A website to visualize graph traversal algorithms and maze generation algorithms written using Typescript and React. Contains implementations of A*, Dijkstra, BFS, and DFS with bidirectional variants. Uses the recursive division algorithm to generate mazes with more horizontally or vertically biased variations.

You can find an online demo here!

The Algorithms

Each algorithm demonstrates different performance/correctness trade-offs.

A* - Guaranteed to always find the shortest path, minimizes number of nodes explored, very high constant time (more suitable for large graphs), uses a Heap for the frontier

Dijkstra - Guaranteed to always find the shortest path, explores many nodes (especially for unweighted graphs), tends to be slower than A*, uses a Heap for the frontier

BFS - Only finds the shortest path for unweighted graphs, explores a reasonable amount of nodes, very low constant time (more suitable for smaller graphs), uses a Queue for the frontier

DFS - Rarely finds the shortest path, explores few nodes, not optimal for pathfinding, uses a stack for the frontier

Best First - Not guaranteed to find the shortest path, explores the least amount of nodes, uses a Heap for the frontier

Deployment

Add the following property to package.json containing the url the web page will be deployed at.

"homepage": "https://josephprichard.github.io/pathfinder"

Deploy the project to github pages using the following command.

npm run deploy

Pathfinding

The project also contains standalone object-oriented style abstractions for pathfinding on a 2D grid.

The grid is based around 3 fundamental interfaces contained in ../pathfinding/core/Components

Point, which represents an x,y location on the grid. TileData, which stores the solidity of a tile and the cost to travel to a tile if it isn't solid. Tile, which stores Point and TileData, representing a Vertex on the Grid.

We can create a grid with a width of 10 and a height of 5 like so:

const grid = new Grid(10, 5);

Let's say we wanted to make the tile at (5,3) solid, so we can't travel there:

const point = {x: 5, y: 3};
const data = {pathCost: 1, isSolid: true};
grid.mutate(point, data);

If we wanted to get the tile at the point (4,6) we would do it like this:

grid.get({x: 4, y: 6});

The grid class contains minimal bound checks to speed up processing, but we can check the boundaries on the grid with these helpful functions:

grid.inBounds(point);
grid.getWidth();
grid.getHeight();

This project also contains Pathfinders which can find the best path (capable by the algorithm) between an initial and goal point.

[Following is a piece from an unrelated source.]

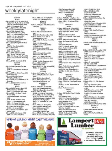 weeklylatenight SUNDAY’S MOVIES 12:00 a.m. (LIFE) (12:02) The Switch (2010) (PLEX) (12:10) The Next Karate Kid (1994) (TBS) The Forbidden Kingdom (2008) (MAX) (12:20) Cleanskin (2012) 12:30 a.m. 7 World Gone Wild (1988) (ENC) (12:45) Thunderball (1965) 1:00 a.m. (TCM) Blackmail (1929) (USA) Little Miss Sunshine (2006) (HBO) (1:15) American History X (1998) (SHOW) (1:20) Hard Rain (1998) (STARZ) (1:25) Sparkle (2012) 1:30 a.m. (DSN) Buffalo Dreams (2005) (TNT) Training Day (2001) 2:00 a.m. (PLEX) Racing With the Moon (1984) (TBS) The Time Machine (2002) 2:30 a.m. 7 X (1963) (TCM) Frenzy (1972) (MAX) (2:40) Fled (1996) 3:00 a.m. (WGN-A) Darkness (2002) (ENC) You Only Live Twice (1967) (HBO) (3:15) Courage Under Fire (1996) (STARZ) (3:25) Underworld: Awakening (2012) 3:30 a.m. (SHOW) Knuckleball! (2012) SUNDAY’S SPECIALS 12:00 a.m. (ANML) Mermaids: The New Evidence (COM) (12:11) Katt Williams: It’s Pimpin’ Pimpin’ 12:30 a.m. (CMT) Ron White’s Vegas Salute to the Troops 2013 1:00 a.m. (ANML) Alien Autopsy (TRAV) Mega RV Countdown 2:00 a.m. (COM) (2:02) Chris Rock: Kill the Messenger 3:30 a.m. (PLEX) (3:50) Conversations MONDAY’S MOVIES 12:30 a.m. (PLEX) Pharaoh’s Army (1995) (ENC) (12:50) Valley Girl (1983) (MAX) (12:50) Mulholland Falls (1996) 1:00 a.m. (LIFE) (1:02) Madea’s Family Reunion (2006) (TBS) Charlie’s Angels: Full Throttle (2003) (TCM) The Birth of a Nation (1915) (USA) (1:11) Pistol Whipped (2008) (HBO) (1:20) Pushing Tin (1999) (STARZ) (1:10) The Butterfly Effect (2004) 1:30 a.m. 7 Up in the Air (2009) (SHOW) (1:45) Scream 4 (2011) 2:00 a.m. (PLEX) (2:05) Godzilla vs. Space Godzilla (1994) 2:30 a.m. (ENC) Before Sunrise (1995) (MAX) (2:40) Elliot Loves (2012)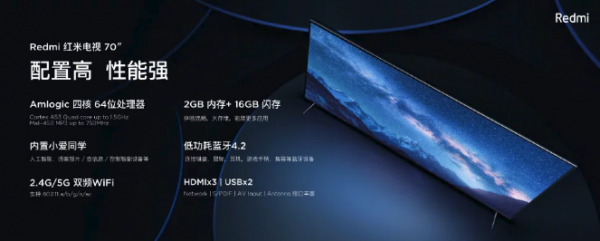 Redmi Tv získava uhlopriečku na úrovni 70 palcov / 177 cm, so 4K rozlíšením. V porovnaní s 55 palcovými uhlopriečkami je až o 60% širšia. Poháňa ju 64 gbitový štvorjadrový procesor Amlogic taktovaný na frekvenciu 1.5 GHz, s grafickým adaptérom Mali-450 MP3. Jej RAM je na úrovni 2GB, interné úložisko na úrovni 16GB. Obsahuje tri HDMI porty, dva USB porty, nechýba Wifi, aj bluetooth. Rovnako ako u Xiaomi Tv nechýba aj podpora hlasového asistenta XioAl. Operačný systém je rovnaký, ako u Xiaomi Tv, PatchWall. Kvalitná audio sústava nechýba Dolby Audio, či DTS-HD audio.

If we want to initialize a pathfinder we need to pass it a navigator.

A navigator is a class that encapsulates the grid by determining what tiles we can travel to from a given point. The project contains two build in navigators, but you can make your own as long as they inherit from the abstract Navigator Class in ../pathfinding/core/Navigator.

If we wanted to initialize the "PlusNavigator" which allows movement in 4 directions (up,left,right,down) we can do so like:

const navigator = new PlusNavigator(grid);

We can access the neighbors of the point (3,3) like so:

const neighbors: Tile[] = navigator.neighbors({x: 3, y:3});

Now we can initialize a pathfinder that uses the AStar algorithm like this:

const pathfinder = new AStarPathfinder(navigator);

If we wanted to find the shortest path on the grid from (0,0) to (4,3) we would do it like this:

const initial = {x: 0, y: 0};
const goal = {x: 4, y: 3};
const path: Tile[] = pathfinder.findPath(initial, goal);

The A* algorithm uses the Manhattan distance heuristic by default but you can find other heuristics in ../pathfinding/algorithms/Heuristics.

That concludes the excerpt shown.